- [Assignment] An image-free, exact copy of the records below is required.

---- Material to process

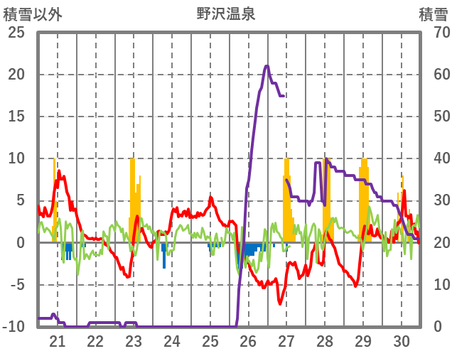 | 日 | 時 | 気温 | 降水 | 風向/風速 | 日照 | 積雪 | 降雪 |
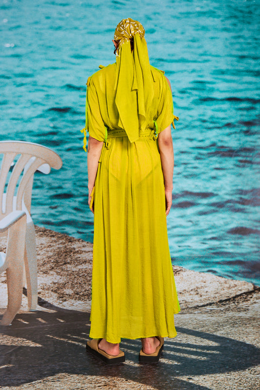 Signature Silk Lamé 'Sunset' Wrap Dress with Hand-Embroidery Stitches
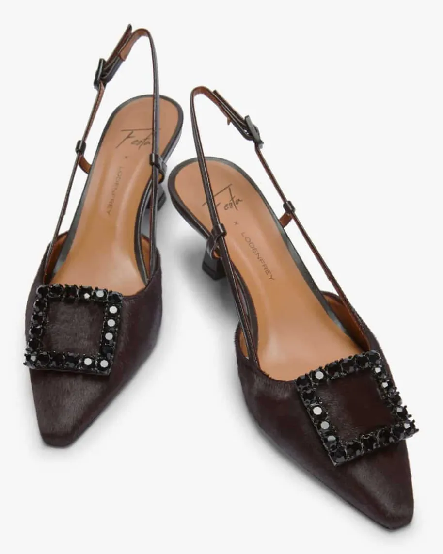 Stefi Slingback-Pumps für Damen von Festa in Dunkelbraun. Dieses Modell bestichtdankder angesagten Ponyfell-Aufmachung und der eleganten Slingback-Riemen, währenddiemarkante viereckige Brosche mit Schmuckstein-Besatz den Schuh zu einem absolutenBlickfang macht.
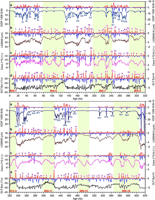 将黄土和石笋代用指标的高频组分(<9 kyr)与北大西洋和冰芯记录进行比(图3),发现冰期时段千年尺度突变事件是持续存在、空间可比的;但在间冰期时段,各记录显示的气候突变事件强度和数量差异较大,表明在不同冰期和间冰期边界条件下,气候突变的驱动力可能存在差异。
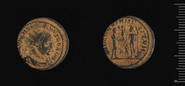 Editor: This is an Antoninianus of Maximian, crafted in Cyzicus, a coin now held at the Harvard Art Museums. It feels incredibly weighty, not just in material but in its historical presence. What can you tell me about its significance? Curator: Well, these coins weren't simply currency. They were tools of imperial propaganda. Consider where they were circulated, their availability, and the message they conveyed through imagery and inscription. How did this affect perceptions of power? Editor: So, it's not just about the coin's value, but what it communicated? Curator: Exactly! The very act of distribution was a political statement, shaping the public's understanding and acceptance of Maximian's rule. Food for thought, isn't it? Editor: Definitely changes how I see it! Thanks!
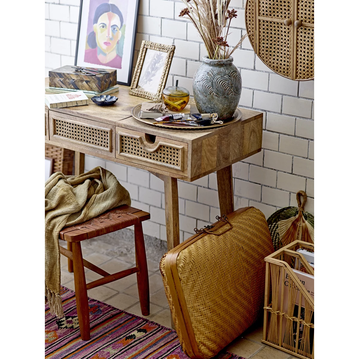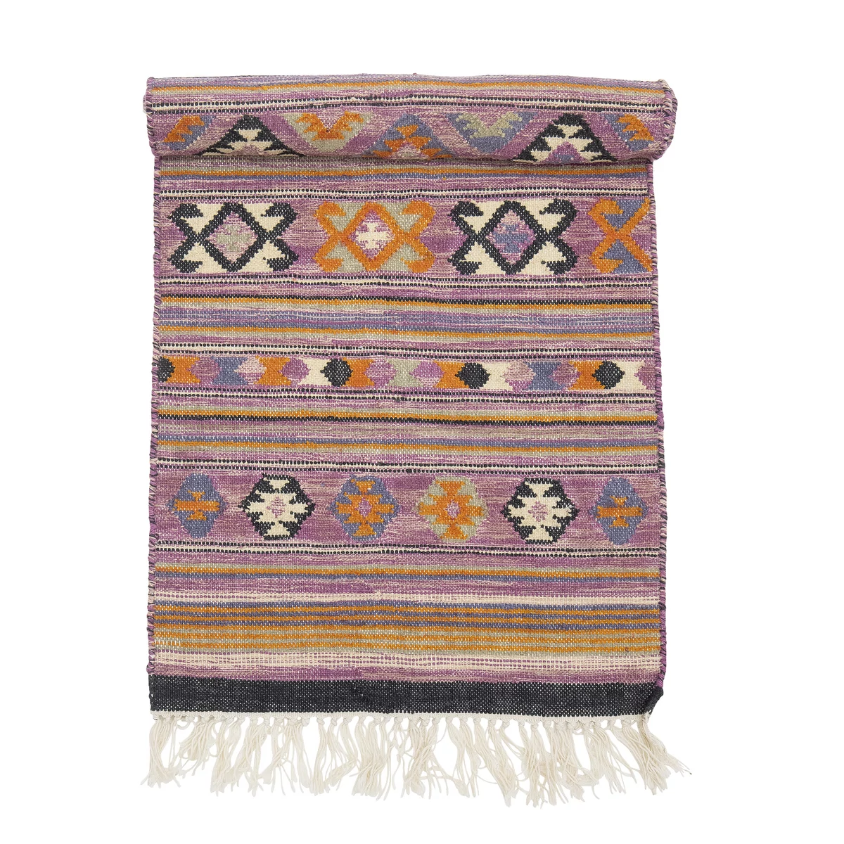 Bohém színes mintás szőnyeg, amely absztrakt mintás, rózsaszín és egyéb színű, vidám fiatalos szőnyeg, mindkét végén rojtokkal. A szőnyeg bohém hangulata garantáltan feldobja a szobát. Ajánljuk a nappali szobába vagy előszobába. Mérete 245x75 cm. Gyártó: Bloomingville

--------

- [Task result]
 | 日 | 時 | 気温 | 降水 | 風向/風速 | 日照 | 積雪 | 降雪 |
 Signature Silk Lamé 'Sunset' Wrap Dress with Hand-Embroidery Stitches
 Stefi Slingback-Pumps für Damen von Festa in Dunkelbraun. Dieses Modell bestichtdankder angesagten Ponyfell-Aufmachung und der eleganten Slingback-Riemen, währenddiemarkante viereckige Brosche mit Schmuckstein-Besatz den Schuh zu einem absolutenBlickfang macht.
 将黄土和石笋代用指标的高频组分(<9 kyr)与北大西洋和冰芯记录进行比(图3),发现冰期时段千年尺度突变事件是持续存在、空间可比的;但在间冰期时段,各记录显示的气候突变事件强度和数量差异较大,表明在不同冰期和间冰期边界条件下,气候突变的驱动力可能存在差异。
 Editor: This is an Antoninianus of Maximian, crafted in Cyzicus, a coin now held at the Harvard Art Museums. It feels incredibly weighty, not just in material but in its historical presence. What can you tell me about its significance? Curator: Well, these coins weren't simply currency. They were tools of imperial propaganda. Consider where they were circulated, their availability, and the message they conveyed through imagery and inscription. How did this affect perceptions of power? Editor: So, it's not just about the coin's value, but what it communicated? Curator: Exactly! The very act of distribution was a political statement, shaping the public's understanding and acceptance of Maximian's rule. Food for thought, isn't it? Editor: Definitely changes how I see it! Thanks!
 Bohém színes mintás szőnyeg, amely absztrakt mintás, rózsaszín és egyéb színű, vidám fiatalos szőnyeg, mindkét végén rojtokkal. A szőnyeg bohém hangulata garantáltan feldobja a szobát. Ajánljuk a nappali szobába vagy előszobába. Mérete 245x75 cm. Gyártó: Bloomingville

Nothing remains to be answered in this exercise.